-- Opening Marker --
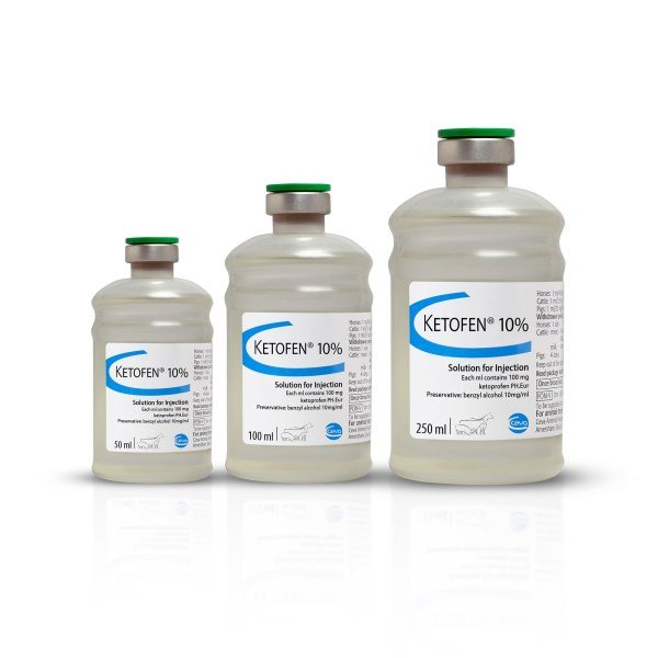 Ketofen 10% injection is used in: Horses For the alleviation of inflammation and pain associated with musculoskeletal disorders. For the alleviation of visceral pain associated with colic. Cattle For the supportive treatment of parturient paresis associated with calving. For reducing pyrexia and distress associated with bacterial respiratory disease when used in conjunction with antimicrobial therapy as appropriate. For improving the recovery rate in acute clinical mastitis, including acute endotoxin mastitis, caused by gram negative micro-organisms, in conjunction with antimicrobial therapy. For reducing oedema of the udder associated with calving. For reducing pain associated with lameness. Pigs For reducing the pyrexia and respiratory rate associated with bacterial or viral respiratory disease when used in conjunction with antimicrobial therapy as appropriate. For the supportive treatment of Mastitis Metritis Agalactia Syndrome in sows, in conjunction with antimicrobial therapy as appropriate.
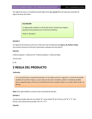 Este documento presenta los principios fundamentales del conteo y la combinatoria. Introduce las reglas de suma y producto para calcular el número de formas en que pueden ocurrir eventos múltiples. Luego explica los conceptos de permutaciones, combinaciones y combinatoria con repetición, ilustrando cada uno con ejemplos numéricos. El objetivo es desarrollar métodos sistemáticos para resolver problemas de conteo y enumeración que surgen en diferentes áreas como teoría de códigos y probabilidad.
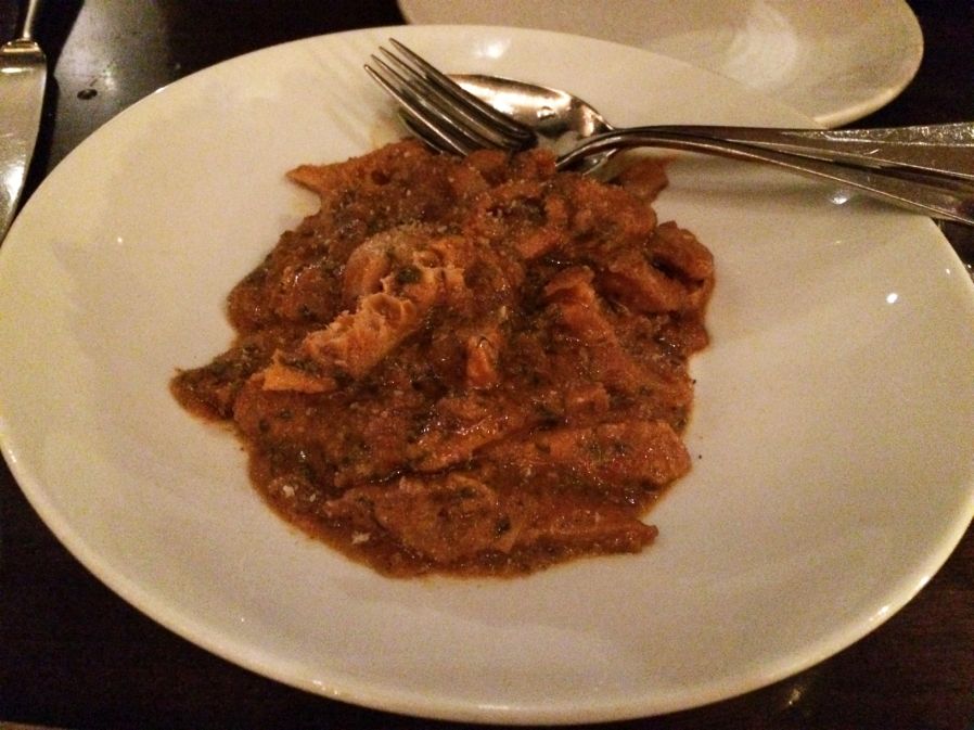Trippa Napoletana - Tripe, Tomato, Chili, white wine, breadcrumbs-$12
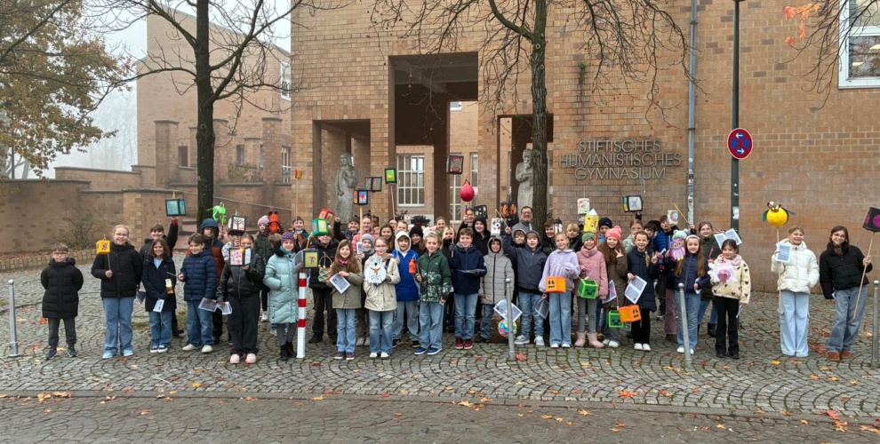 Am 10.11. erlebten wir an unserer Schule einen besonderen und stimmungsvollen Start in den Tag. Die beiden katholischen sowie der evangelische Religionskurs der Jahrgangsstufe 5 hatten sich früh am Morgen versammelt, um gemeinsam mit ihren mitgebrachten Laternen einen kleinen Umzug
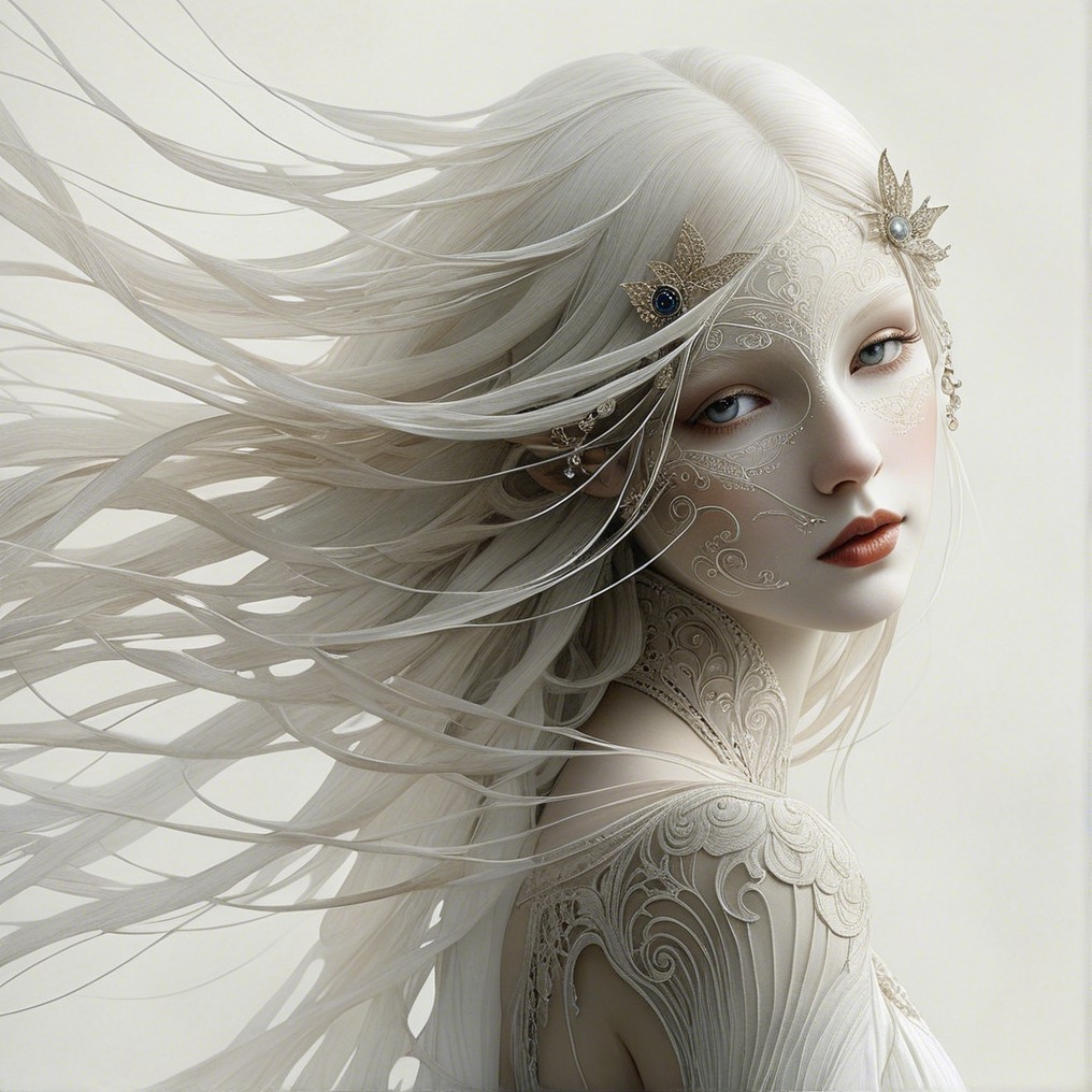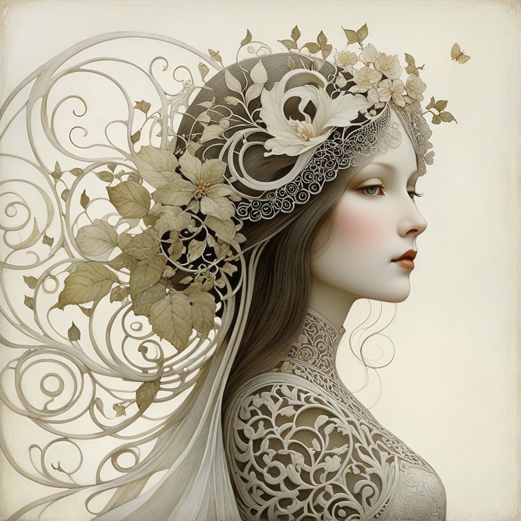The image features an elegant woman with intricate, curly hair adorned with a butterfly. She wears a beautifully detailed necklace and has a serene expression against a swirling, ornate background.
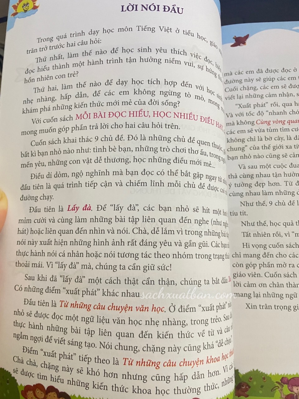 Đầu tiên là Từ những câu chuyện văn học. Ở điểm "xuất phát" này, các bạn nhỏ sẽ được đọc một ngữ liệu văn học nhẹ nhàng, trong trẻo. Sau đó, các em thực hành những bài tập liên quan đến kiến thức về từ và câu rồi có thể ngẫm ngợi để viết sáng tạo. Nói chung, chặng này cũng khá "dễ chịu".
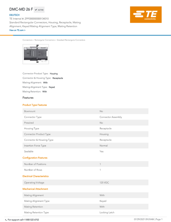 ZPF000000000134010 TE Connectivity ZPF000000000134010 TE DE DMC-M Single Cavity, 1 szt.
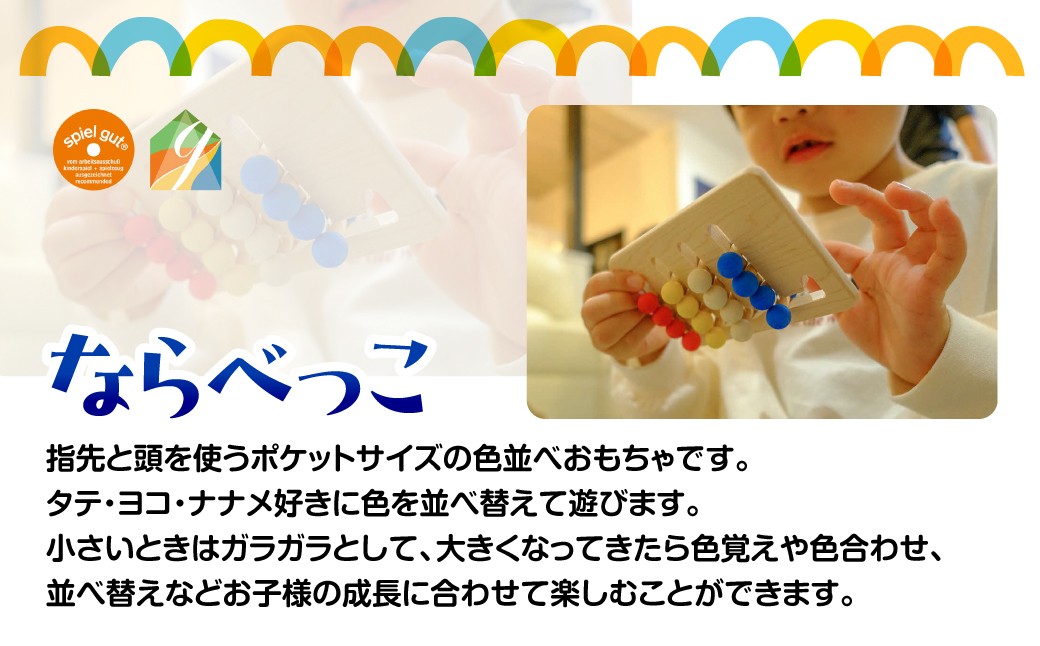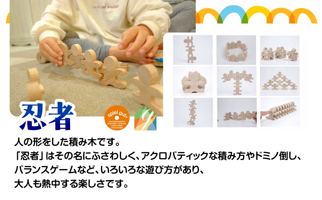 「ならべっこ」と「忍者」はヨーロッパ玩具ではお馴染みのspiel gut(シュピールグート)と日本のGOOD TOY(グットトイ)にも認定されており、国内外問わず人気の木のおもちゃです。
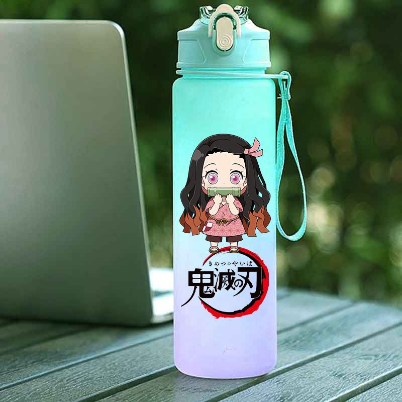 Demon Slayer Straw Cup 750ML Children's Large Capacity Portable Kamado Nezuko Sports Plastic Bottle Anime Gradient Drinking
-- Closing Marker --
WHAT TO PRODUCE: The entries above, every one of them, should be retyped exactly, with no pictures carried over.

EXPECTED ANSWER:
 Ketofen 10% injection is used in: Horses For the alleviation of inflammation and pain associated with musculoskeletal disorders. For the alleviation of visceral pain associated with colic. Cattle For the supportive treatment of parturient paresis associated with calving. For reducing pyrexia and distress associated with bacterial respiratory disease when used in conjunction with antimicrobial therapy as appropriate. For improving the recovery rate in acute clinical mastitis, including acute endotoxin mastitis, caused by gram negative micro-organisms, in conjunction with antimicrobial therapy. For reducing oedema of the udder associated with calving. For reducing pain associated with lameness. Pigs For reducing the pyrexia and respiratory rate associated with bacterial or viral respiratory disease when used in conjunction with antimicrobial therapy as appropriate. For the supportive treatment of Mastitis Metritis Agalactia Syndrome in sows, in conjunction with antimicrobial therapy as appropriate.
 Este documento presenta los principios fundamentales del conteo y la combinatoria. Introduce las reglas de suma y producto para calcular el número de formas en que pueden ocurrir eventos múltiples. Luego explica los conceptos de permutaciones, combinaciones y combinatoria con repetición, ilustrando cada uno con ejemplos numéricos. El objetivo es desarrollar métodos sistemáticos para resolver problemas de conteo y enumeración que surgen en diferentes áreas como teoría de códigos y probabilidad.
Trippa Napoletana - Tripe, Tomato, Chili, white wine, breadcrumbs-$12
 Am 10.11. erlebten wir an unserer Schule einen besonderen und stimmungsvollen Start in den Tag. Die beiden katholischen sowie der evangelische Religionskurs der Jahrgangsstufe 5 hatten sich früh am Morgen versammelt, um gemeinsam mit ihren mitgebrachten Laternen einen kleinen Umzug
The image features an elegant woman with intricate, curly hair adorned with a butterfly. She wears a beautifully detailed necklace and has a serene expression against a swirling, ornate background.
 Đầu tiên là Từ những câu chuyện văn học. Ở điểm "xuất phát" này, các bạn nhỏ sẽ được đọc một ngữ liệu văn học nhẹ nhàng, trong trẻo. Sau đó, các em thực hành những bài tập liên quan đến kiến thức về từ và câu rồi có thể ngẫm ngợi để viết sáng tạo. Nói chung, chặng này cũng khá "dễ chịu".
 ZPF000000000134010 TE Connectivity ZPF000000000134010 TE DE DMC-M Single Cavity, 1 szt.
 「ならべっこ」と「忍者」はヨーロッパ玩具ではお馴染みのspiel gut(シュピールグート)と日本のGOOD TOY(グットトイ)にも認定されており、国内外問わず人気の木のおもちゃです。
 Demon Slayer Straw Cup 750ML Children's Large Capacity Portable Kamado Nezuko Sports Plastic Bottle Anime Gradient Drinking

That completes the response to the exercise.